Spock murdered Kirk (he got better)

"Amok Time" is quite possibly the most well-known episode of Star Trek's entire original run, and even if you don't know it by name, you probably know the plot, because this is the one where a sex-crazed Spock gets into a gladiator fight with Kirk and straight up murders him.

In what might be the single weirdest piece of alien biology the franchise has ever thrown at its audience  — up to and including the space ghost of Jack the Ripper eating fear — it's revealed that every seven years, Vulcans undergo "pon farr," a part of the biological cycle during which their desire to mate overrides their usual logical minds. In a combination of virtually everything else on this list, Spock goes full-on sex-mad, hijacks the Enterprise to take it back to Vulcan, and winds up engaging in some pretty illogical ritual combat against his best friend. Thanks to Spock's Vulcan super-strength and the planet's thin atmosphere, he winds up beating Kirk and strangling him to death with a whip. And now you know where all the fanfic came from.

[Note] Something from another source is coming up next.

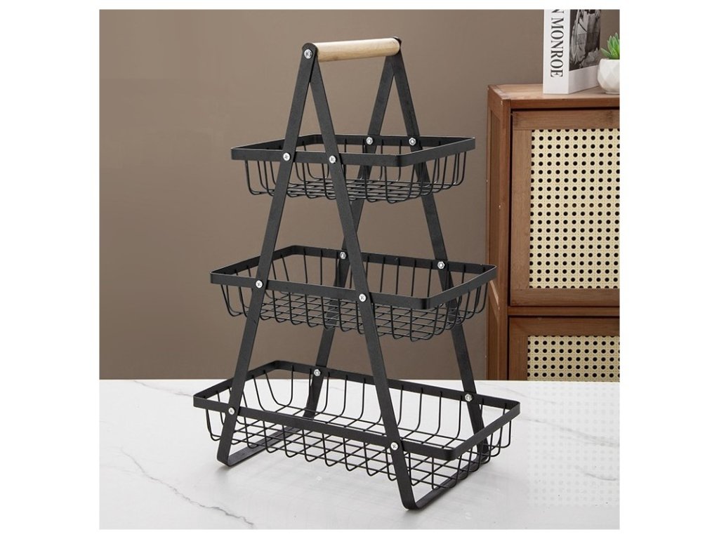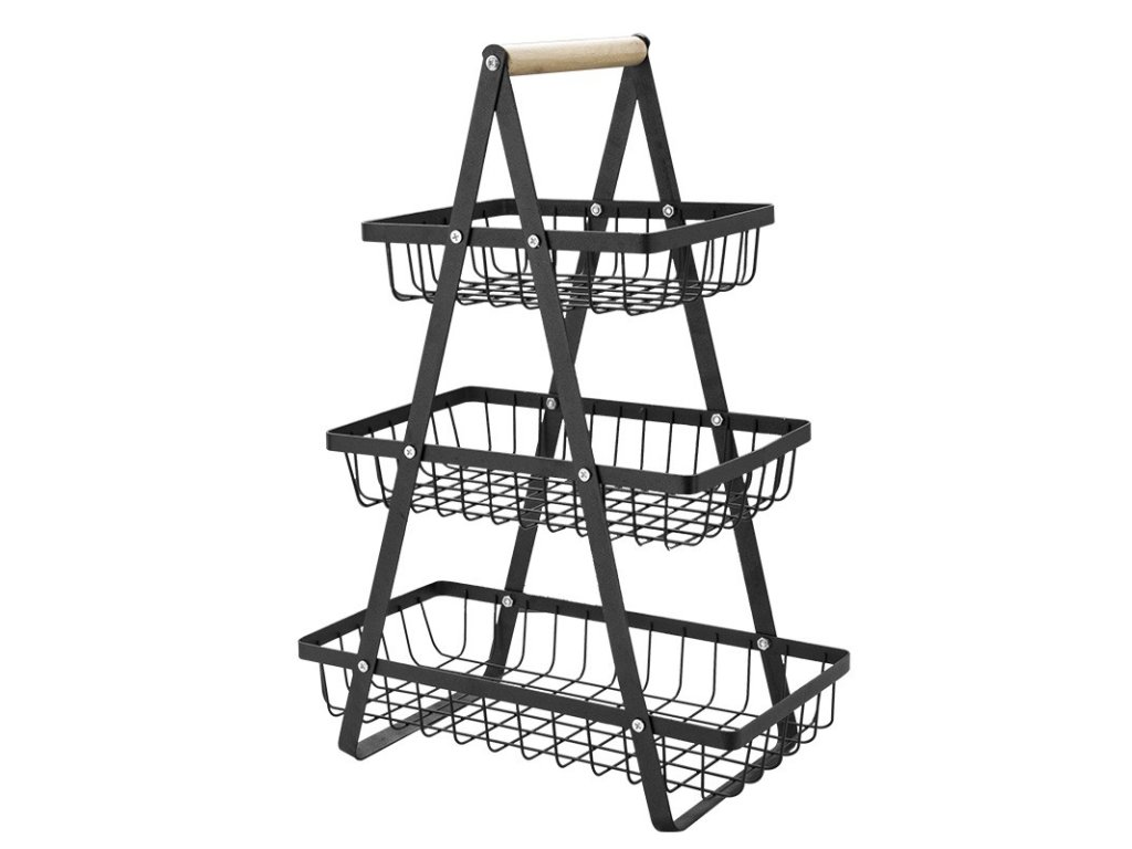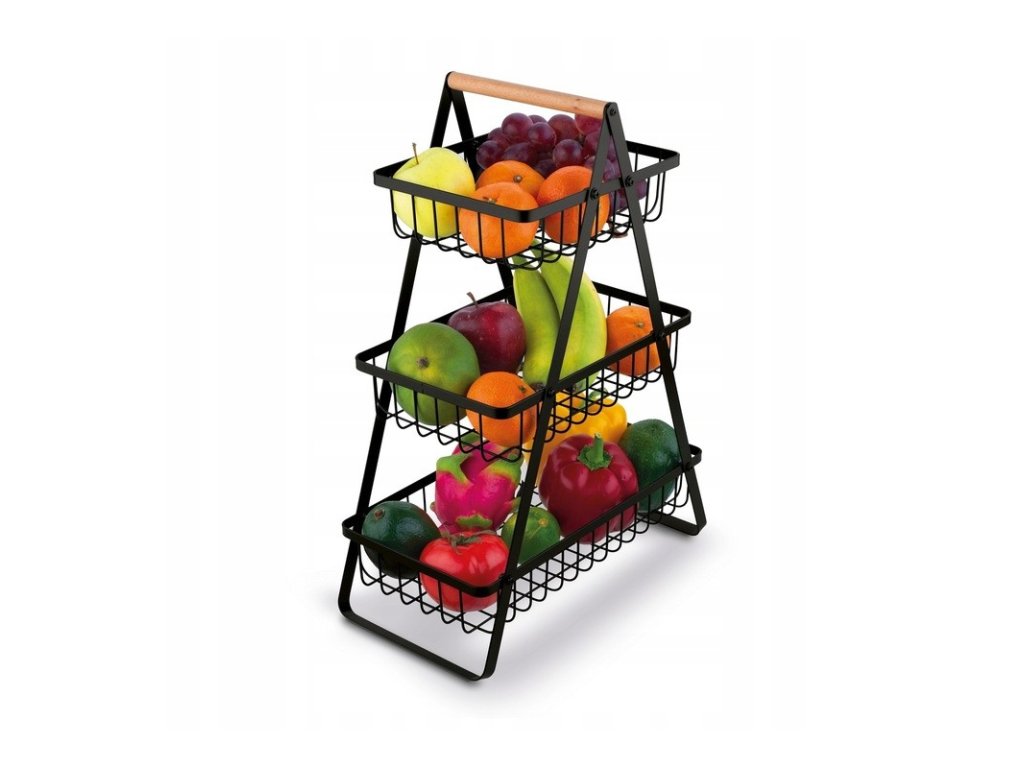 Třípatrový koš na ovoce a zeleninu PATERA, černý

Once Spock comes to his senses — his bloodlust having been sated, if not his regular lust — he turns himself in to be tried for murder, but it turns out that the whole thing was a ruse by McCoy and a drug that allowed Kirk to appear dead while being very much alive. Kirk, however, did not know that, and neither did Spock, but perhaps shockingly, that did not affect their working relationship. Turns out that in the 23rd Century, murder by strangulation is just guys bein' bros. 

Urine trouble

For the most part, the bad stuff about Star Trek: Enterprise has more to do with being boring than being actively terrible. The episode "A Night In Sickbay," however, feature what might just be the single worst thing that a member of the Enterprise crew has ever done ... for certain interpretations of "crew."

In order to give himself some company on his trek through the stars, Captain Jonathan Archer brings his pet beagle, Porthos, along for the ride. This seems like a good idea — everyone loved it when Data had a cat, right? — but it had some unforeseen consequences that, really, everyone should've seen coming. When Archer decides, for some reason, to bring Porthos down to a new planet with him, the dog, well, does what dogs do and starts marking its territory. The problem is that this isn't his territory. Or the Federation's. It's a holy site for the Kreetassans, who were already obsessed with politeness before a dog showed up to literally urinate on their sacred tree. 

In his own worst moment, Archer spends the entire episode griping about how it's all their fault that he took his dog down to their planet and destroyed one of their cultural treasures, but eventually, he makes amends with the Kreetassans by doing some shirtless chainsawing. This is never explained, but there's one thing we know for sure: as bad as the rest of the crew aboard the various Starships Enterprise might've been, none of them have ever peed on a religious artifact. That we know of.